The records:

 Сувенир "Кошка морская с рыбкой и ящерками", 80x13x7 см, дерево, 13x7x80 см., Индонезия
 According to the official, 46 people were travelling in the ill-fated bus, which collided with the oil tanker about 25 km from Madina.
==
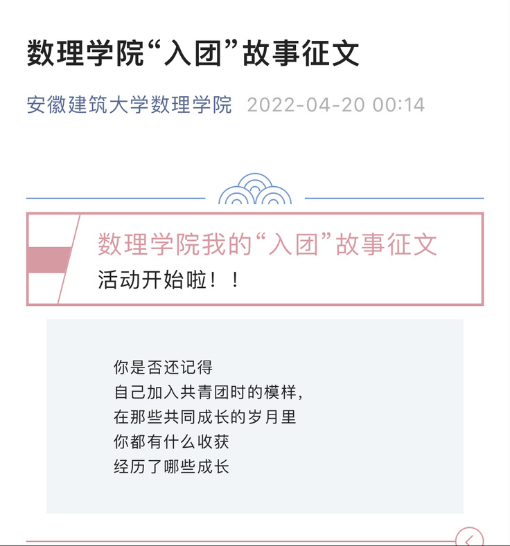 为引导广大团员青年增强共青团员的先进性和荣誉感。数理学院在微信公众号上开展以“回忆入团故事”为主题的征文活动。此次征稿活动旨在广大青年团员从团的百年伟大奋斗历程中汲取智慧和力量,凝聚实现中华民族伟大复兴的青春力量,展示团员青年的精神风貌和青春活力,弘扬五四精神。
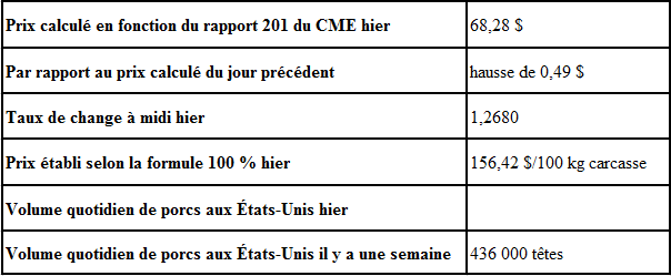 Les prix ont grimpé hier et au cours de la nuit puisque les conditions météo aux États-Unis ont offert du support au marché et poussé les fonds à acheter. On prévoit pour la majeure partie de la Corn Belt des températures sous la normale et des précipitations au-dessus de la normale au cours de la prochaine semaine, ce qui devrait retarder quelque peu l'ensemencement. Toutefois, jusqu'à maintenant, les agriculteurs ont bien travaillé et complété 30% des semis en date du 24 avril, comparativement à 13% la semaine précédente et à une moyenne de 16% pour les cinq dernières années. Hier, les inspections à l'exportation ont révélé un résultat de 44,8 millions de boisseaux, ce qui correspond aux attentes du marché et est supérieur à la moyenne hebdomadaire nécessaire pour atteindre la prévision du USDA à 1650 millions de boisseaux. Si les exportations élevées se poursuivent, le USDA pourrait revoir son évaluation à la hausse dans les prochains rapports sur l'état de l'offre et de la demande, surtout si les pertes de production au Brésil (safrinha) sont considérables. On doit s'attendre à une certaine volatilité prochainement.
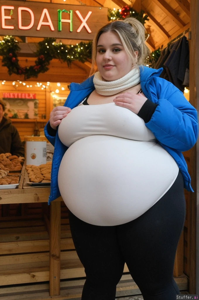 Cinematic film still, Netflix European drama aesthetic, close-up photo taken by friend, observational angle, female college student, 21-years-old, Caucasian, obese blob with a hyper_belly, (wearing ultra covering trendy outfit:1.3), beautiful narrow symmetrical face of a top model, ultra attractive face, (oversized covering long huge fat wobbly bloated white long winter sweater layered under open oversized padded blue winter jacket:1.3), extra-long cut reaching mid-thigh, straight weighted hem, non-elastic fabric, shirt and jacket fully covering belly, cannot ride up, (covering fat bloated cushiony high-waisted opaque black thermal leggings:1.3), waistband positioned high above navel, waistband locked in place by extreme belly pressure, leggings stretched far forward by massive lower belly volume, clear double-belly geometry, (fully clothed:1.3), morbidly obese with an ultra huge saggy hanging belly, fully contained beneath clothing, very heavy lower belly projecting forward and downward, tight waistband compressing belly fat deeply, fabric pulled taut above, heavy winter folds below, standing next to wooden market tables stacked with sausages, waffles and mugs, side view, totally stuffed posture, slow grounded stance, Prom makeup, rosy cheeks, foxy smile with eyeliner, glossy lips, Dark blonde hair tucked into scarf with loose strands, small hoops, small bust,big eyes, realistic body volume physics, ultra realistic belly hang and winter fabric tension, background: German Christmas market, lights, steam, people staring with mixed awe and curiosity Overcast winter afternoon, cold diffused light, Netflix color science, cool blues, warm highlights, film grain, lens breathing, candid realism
* * *
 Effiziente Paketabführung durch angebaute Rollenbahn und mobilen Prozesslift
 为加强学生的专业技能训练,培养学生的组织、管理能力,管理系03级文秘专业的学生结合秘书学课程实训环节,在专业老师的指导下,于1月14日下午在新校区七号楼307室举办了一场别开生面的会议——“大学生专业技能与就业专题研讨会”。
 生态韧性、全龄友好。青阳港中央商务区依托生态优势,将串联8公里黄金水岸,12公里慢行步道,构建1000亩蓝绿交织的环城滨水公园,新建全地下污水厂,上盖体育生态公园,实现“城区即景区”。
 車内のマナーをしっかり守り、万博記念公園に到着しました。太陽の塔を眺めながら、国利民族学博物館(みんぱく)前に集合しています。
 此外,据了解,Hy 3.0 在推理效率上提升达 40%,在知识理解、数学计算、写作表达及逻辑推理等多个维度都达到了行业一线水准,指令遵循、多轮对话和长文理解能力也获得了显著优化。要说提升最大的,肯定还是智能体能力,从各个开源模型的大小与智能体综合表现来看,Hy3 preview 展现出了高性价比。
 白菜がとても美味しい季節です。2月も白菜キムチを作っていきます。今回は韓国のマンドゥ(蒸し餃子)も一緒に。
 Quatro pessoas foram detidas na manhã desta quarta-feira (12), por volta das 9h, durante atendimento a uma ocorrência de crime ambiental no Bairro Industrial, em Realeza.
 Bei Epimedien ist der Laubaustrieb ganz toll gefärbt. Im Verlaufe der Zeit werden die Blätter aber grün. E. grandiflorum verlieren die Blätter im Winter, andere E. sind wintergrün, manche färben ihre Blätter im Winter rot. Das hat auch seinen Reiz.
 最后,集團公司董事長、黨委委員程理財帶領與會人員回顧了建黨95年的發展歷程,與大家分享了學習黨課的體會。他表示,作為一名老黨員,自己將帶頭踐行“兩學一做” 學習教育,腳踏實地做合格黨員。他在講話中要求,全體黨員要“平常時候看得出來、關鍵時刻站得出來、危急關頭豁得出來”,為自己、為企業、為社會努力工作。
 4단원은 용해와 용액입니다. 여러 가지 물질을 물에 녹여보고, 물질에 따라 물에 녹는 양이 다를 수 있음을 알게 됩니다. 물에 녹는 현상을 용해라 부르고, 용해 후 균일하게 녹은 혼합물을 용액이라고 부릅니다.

Instructions to follow: Would you retype exactly the lines above, from the line with "最后,集團公司董事長、黨委委" to the line with "4단원은 용해와 용액입니다.", with both end lines kept and nothing more?

Output for this exercise:
 最后,集團公司董事長、黨委委員程理財帶領與會人員回顧了建黨95年的發展歷程,與大家分享了學習黨課的體會。他表示,作為一名老黨員,自己將帶頭踐行“兩學一做” 學習教育,腳踏實地做合格黨員。他在講話中要求,全體黨員要“平常時候看得出來、關鍵時刻站得出來、危急關頭豁得出來”,為自己、為企業、為社會努力工作。
 4단원은 용해와 용액입니다. 여러 가지 물질을 물에 녹여보고, 물질에 따라 물에 녹는 양이 다를 수 있음을 알게 됩니다. 물에 녹는 현상을 용해라 부르고, 용해 후 균일하게 녹은 혼합물을 용액이라고 부릅니다.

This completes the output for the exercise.